Bill Maher says critics are right to call Disinformation Board the ‘Ministry of Truth’

"Government should not be involved in deciding what’s true or not true," Maher said.


Longtime comedian and political commentator Bill Maher says comparisons between the Biden administration's new Disinformation Governance Board and George Orwell’s fictitious "Ministry of Truth" are accurate.

"Yes, they're right to compare this to Orwell in the Ministry of Truth," Maher said. "It's exactly what it sounds like."

Last month, the Department of Homeland Security announced the creation of the Disinformation Governance Board in response to weaponized misinformation. The memo announcing its creation pointed to recent attempts by domestic and foreign groups to circulate false information to influence the general public on subjects like Russian aggression in Ukraine and COVID-19.

Almost immediately, critics began comparing the board to the "Ministry of Truth."

The reference is a nod to George Orwell's book 1984, and likens the DHS’s newfound power to the fictional organization responsible for filtering truth in public discussion and literature. The book's Ministry of Truth determined what was "true" and "false," often rewriting to history to fit the narrative of the day.
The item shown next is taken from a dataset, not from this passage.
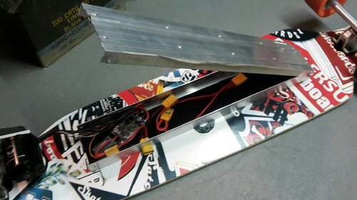 Hi, ich bin auf der Suche nach Ideen zum Bau einer Akkubox. Derzeit habt ich alles in einem kleinen Sortimentskasten aus Plastik verbaut und wollte diesen ans Deck schrauben. Leider habe ich nicht bedacht dass das Deck gebogen ist und ich somit keine anständige Auflagefläche habe. "Ziehe" in den Kasten mit Schrauben "in Form" geht der Deckel nicht mehr zu :skep: Aktueller Planungsstand im Kopf ist: - zwei Alu-Winkel-Leisten ans Board geschraubt - eine U-Alu-Schiene aufgesetzt - an der einen Seiten mit Popp-Nieten als Scharnier befestigt - auf der anderen Seiten mit Gewindennieten und Rändeschrauben zum schnellen öffnen.... 3D-Druck halte ich nicht wirklich für sinnvoll .. denke eine Boardsteinkante schafft das ABS/PLA oder PETG nur bei kleiner Geschwindigkeit Habt Ihr noch andere Inspirationen ? Ach so .. rein soll: - VESC - Empfänger - 2 x 3s 8000 (14cm x 7cm x 3cm LxBxH) Tom

Following the wave of backlash, the DHS released another memo saying the board is focused on disinformation that threatens the security of the American people, including "disinformation spread by foreign states such as Russia, China, and Iran, or other adversaries such as transnational criminal organizations and human smuggling organizations."
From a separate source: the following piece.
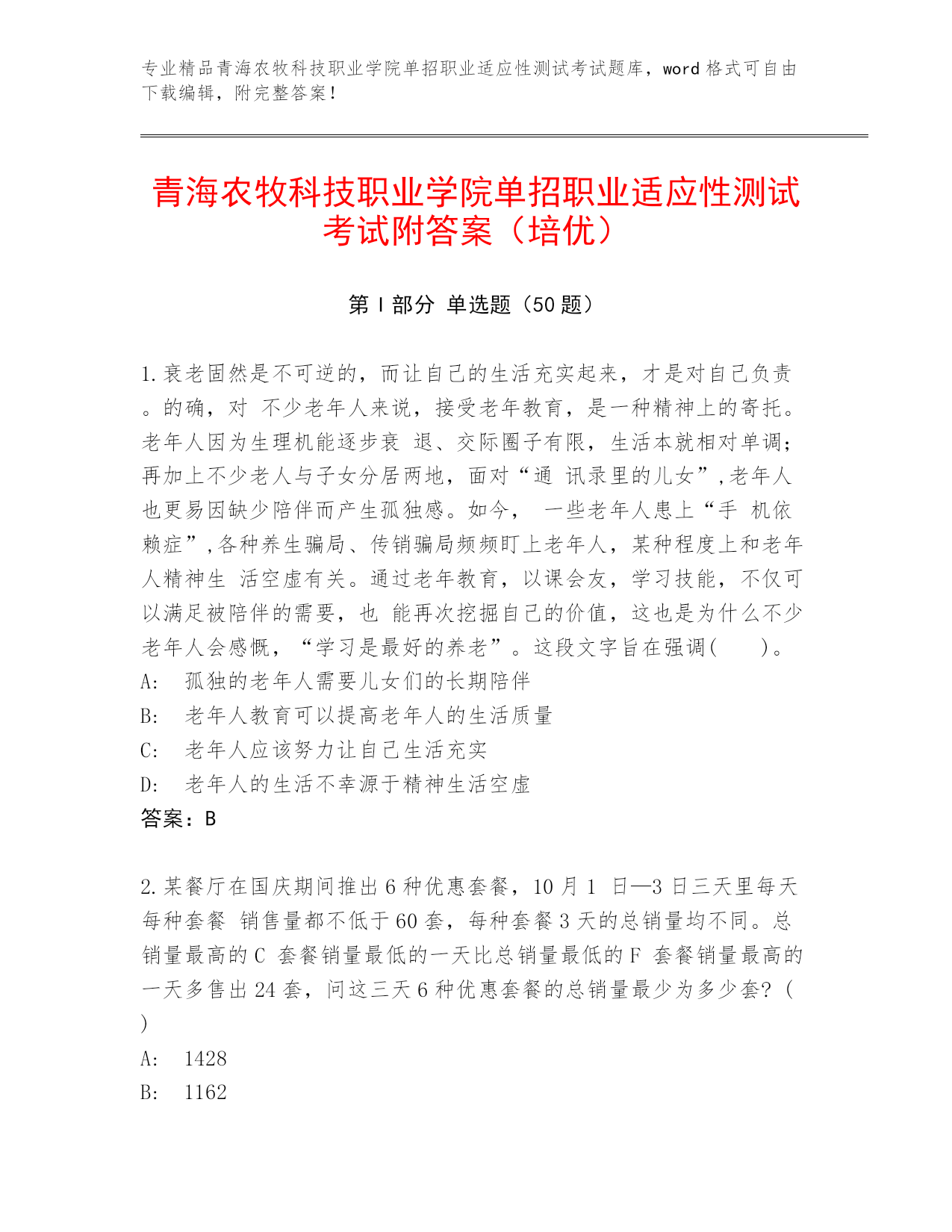 青海农牧科技职业学院单招职业适应性测试考试王牌题库【A卷】.docx

But to Maher, the federal government's efforts to safeguard citizens against the possibility of being misled is a step too far.

"Government should not be involved in deciding what’s true or not true," he said.

In every age where new technologies have allowed for increased ease of communication, misinformation has followed closely, Maher said.

"People always lie," Maher said. "That's what people do. Every age is the misinformation age. And whenever a new means of communication comes along, some reach right for the censor button. In 1858 The New York Times thought we couldn't handle the transatlantic telegraph. They said it was 'superficial' and too fast for the truth."

Maher said America’s guarantee of freedom of speech and freedom of expression would inherently empower some to disseminate wrong information, offensive statements, and more. Nevertheless, Maher said, those were part of the American promise.

"This is still America where people have the right to express what they think including to be wrong to lie and yes, the right to be an a**hole. And if you think you know everything and no one else could possibly have some other truth, you should be glad for that protection, because you're an a**hole," Maher said.